This PR lets the compiler match number literals against type restrictions that don't exactly match the expected type, but since the literal's value fits the type, it is automatically cast.

Additionally, a similar behaviour is provided to specify enum values by using a symbol.

All of this works as long as the call doesn't become ambiguous. The implementation was a bit tricky, but finally, and amazingly, it worked.

For a quick understanding of the first part (numbers), you can read what's being requested in #2995. With this PR, all of those snippets now compile.

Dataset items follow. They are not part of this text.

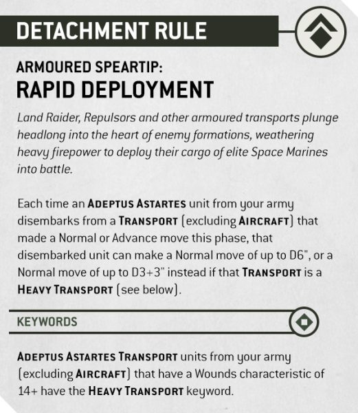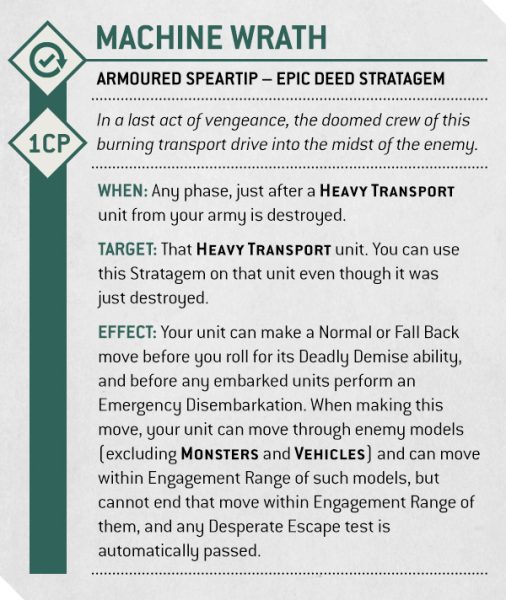 Las seis Estratagemas incluidas en este Destacamento se centran principalmente en el rol de transporte.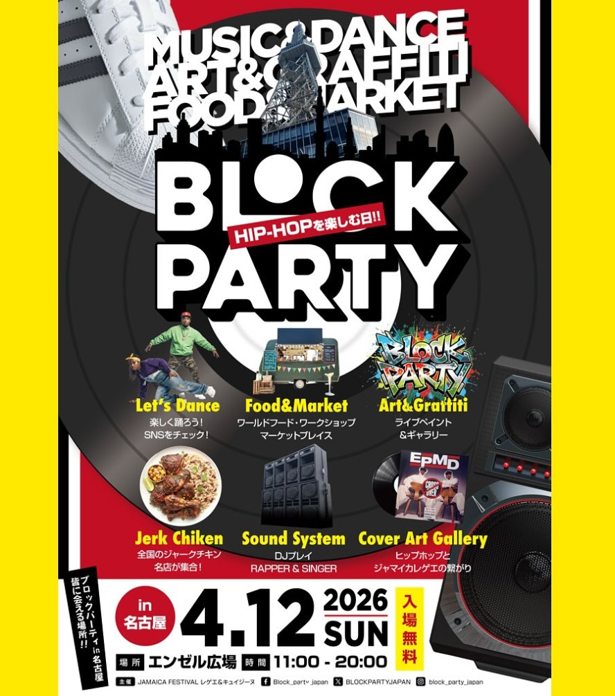 イベント名:「JAMAICA FESTIVAL」レゲエ&キュイジーヌ / BLOCK PARTY 名古屋 / LET’S DANCE 2026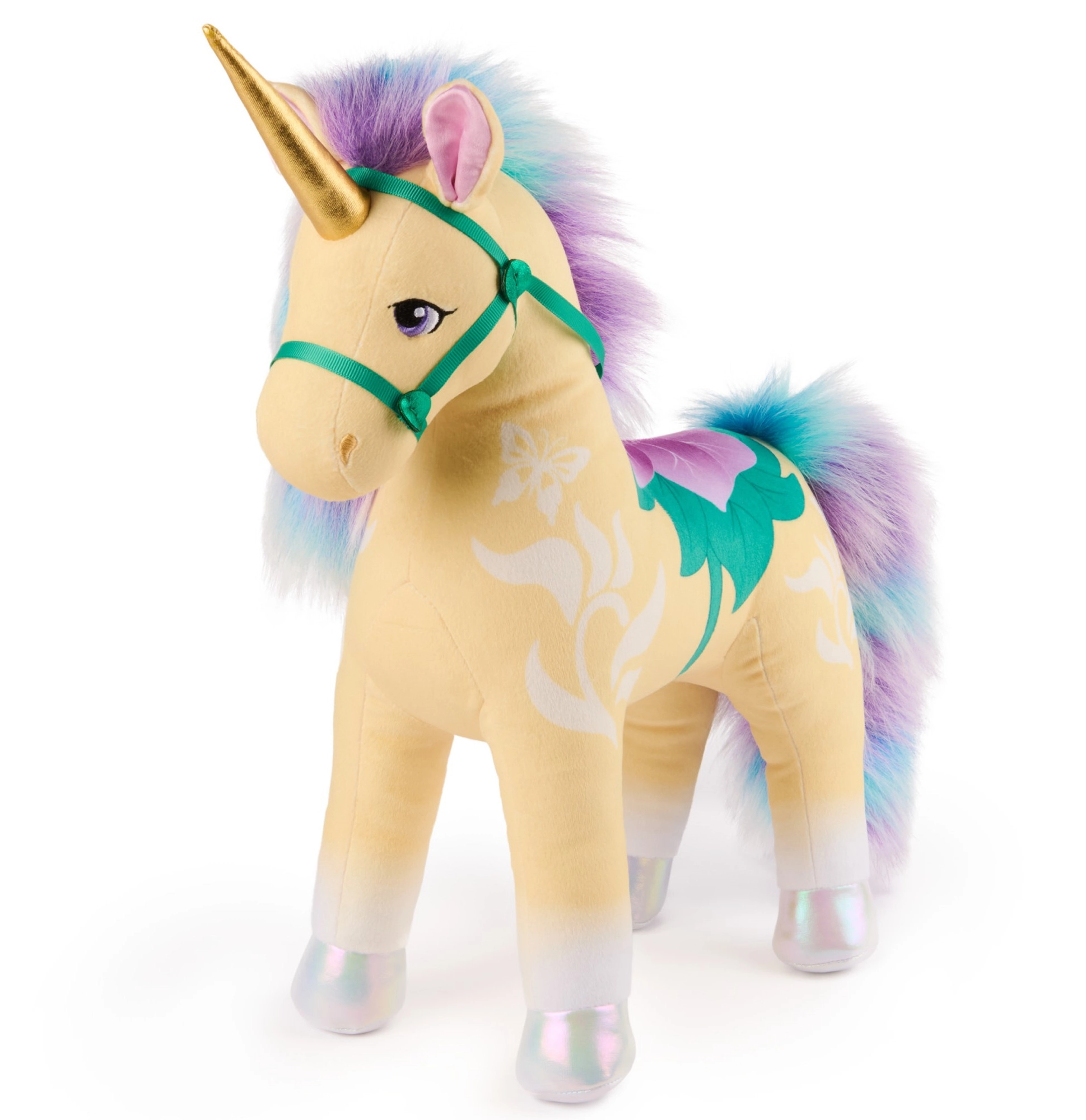 Objavte čarovný svet Unicorn Academy s mäkučkým spoločníkom – plyšovým jednorožcom Leaf s výškou 38 cm od značky Spin Master. Má zlatý trblietavý roh, opálové kopytá a bohatú hrivu a chvost v odtieňoch tyrkysovej a fialovej. Jemný, hebký plyš, výrazné fialové oči a botanické sedlo s uzdou z neho robia ideálnu hračku na mojkanie, kreatívnu hru aj štýlovú dekoráciu detskej izby.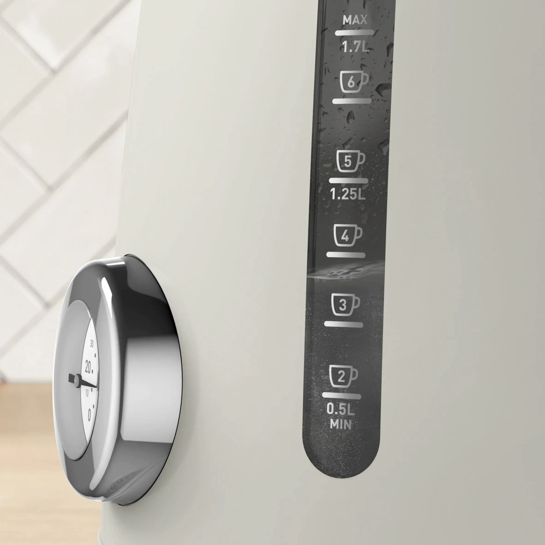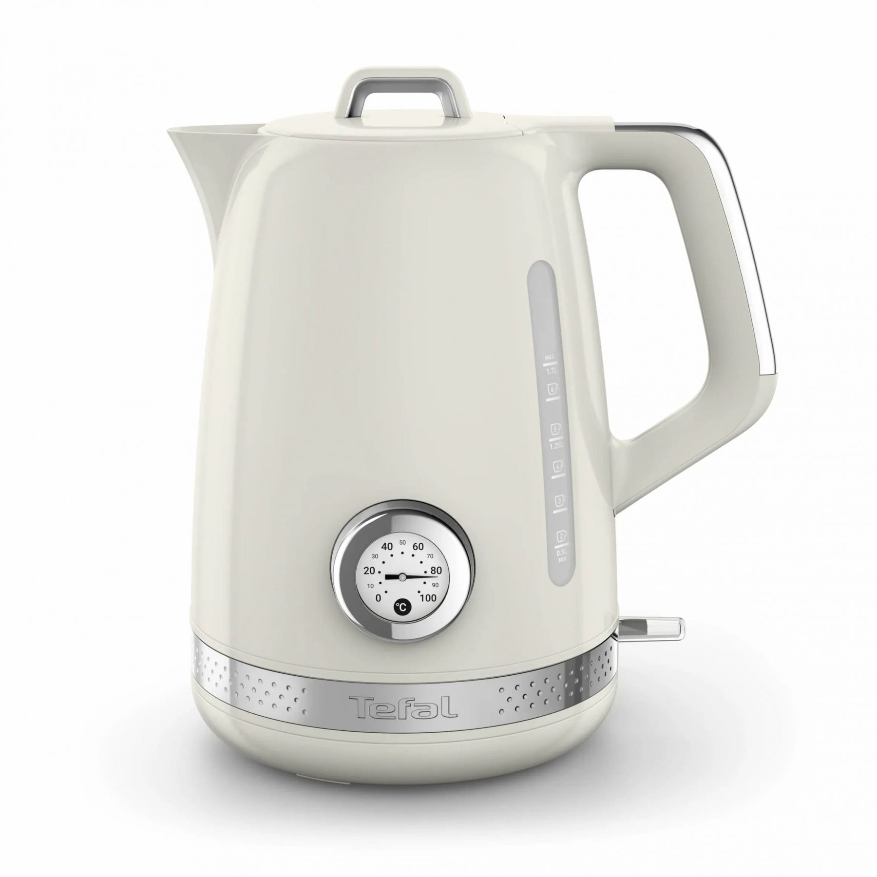 Електрочайник Tefal Soleil+ поєднує сучасну функціональність із ретро-дизайном у бежевому кольорі. Об’єм 1.7 л дозволяє кип’ятити воду для кількох чашок напоїв за один цикл. Модель оснащена вбудованим термометром для контролю температури води та надійним термостатом Strix для безпечної роботи. Відкидна кришка й індикатор рівня води спрощують наповнення та контроль об’єму. Знімний фільтр від накипу допомагає підтримувати чистоту води під час щоденного використання.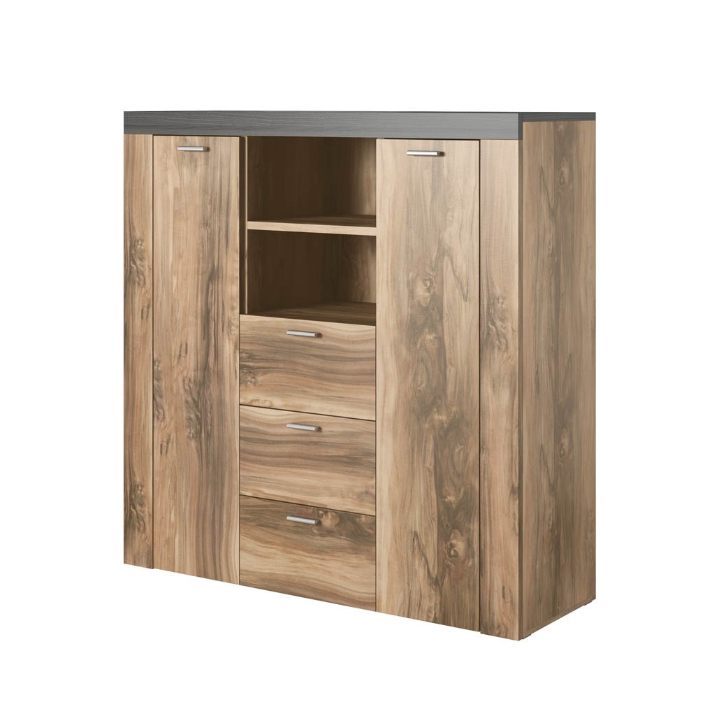 Dodajte svoji dnevni sobi ali jedilnici dragoceni dodatni prostor za shranjevanje z visoko komodo ERIKA. Komoda ima kar tri predale in dvojna vratca s skupno 6-imi policami, zato vam nudi obilo prostora za shranjevanje revij, družabnih iger in ostalih poljubnih predmetov. Ima tudi dve odprti polički na kateri lahko odložite razne knjige, slike in dekoracije. Na voljo je tudi v drugih barvah!

But I'll write a few snippets here.

Method type restrictions

Numbers

def foo(x : Int8)
end

foo(1)    # OK, same as passing 1_u8, because 1 fits Int8
foo(1234) # Error
def foo(x : Float64)
end

foo(1) # OK, same as passing 1.0

Symbols -> Enums

enum Color
  Red
  Green
  Blue
end

def paint(color : Color)
end

paint(:red) # OK, same as passing Color::Red
paint(:yellow) # Error

Instance variables

class Foo
  @x : Int8

  def initialize
    @x = 0 # OK, because @x's type is specified, and 0 can pass as 0_u8
  end 
end

Class variables

class Foo
  @@x : Int8 = 0 # OK
end

Local variables

x : Int8
x = 0 # OK

Method default values, with restriction

enum Color
  Red
  Green
  Blue
end

def paint(color : Color = :red) # OK
end

paint # OK

Combined

record Vector, x : Float64, y : Float64, z : Float64

# Works because record will use those restrictions in initialize
Vector.new(1, 2, 3)

Some examples with the current standard library

File

file = File.open(__FILE__)
file.seek(-10, :end) # Same as passing IO::Seek::End

Process

Process.run("ls", output: :inherit) # Same as passing Process::Redirect::Inherit

String

# Well, this one doesn't work, it's missing the type restriction in the method, but it's super easy to fix
"Súper".upcase(:ascii) # => "SúPER"

What if it's ambiguous?

def foo(x : Int8)
end

def foo(x : Int16)
end

foo(1) # Error: ambiguous call matches both Int8 and Int16

When it doesn't work

def foo(x : Int8)
end

foo(rand < 0.5 ? 1 : 2) # Error

All of the above works only when passed directly to a method, or assigned directly to an instance/class variable. When putting intermediary expressions, or intermediary assignments, it stops working. But I think that's OK. We simply must document these rules. I also believe for example in Go you can pass number literals like that, but of course it stops working when you introduce intermediate expressions too.

Why

I can easily say this might be one of the most wanted features in Crystal. Having to type those number suffixes for no real reason, when the compiler could figure this out, or having to type long enum values, is super tedious, and kind of goes against Crystal's philosophy.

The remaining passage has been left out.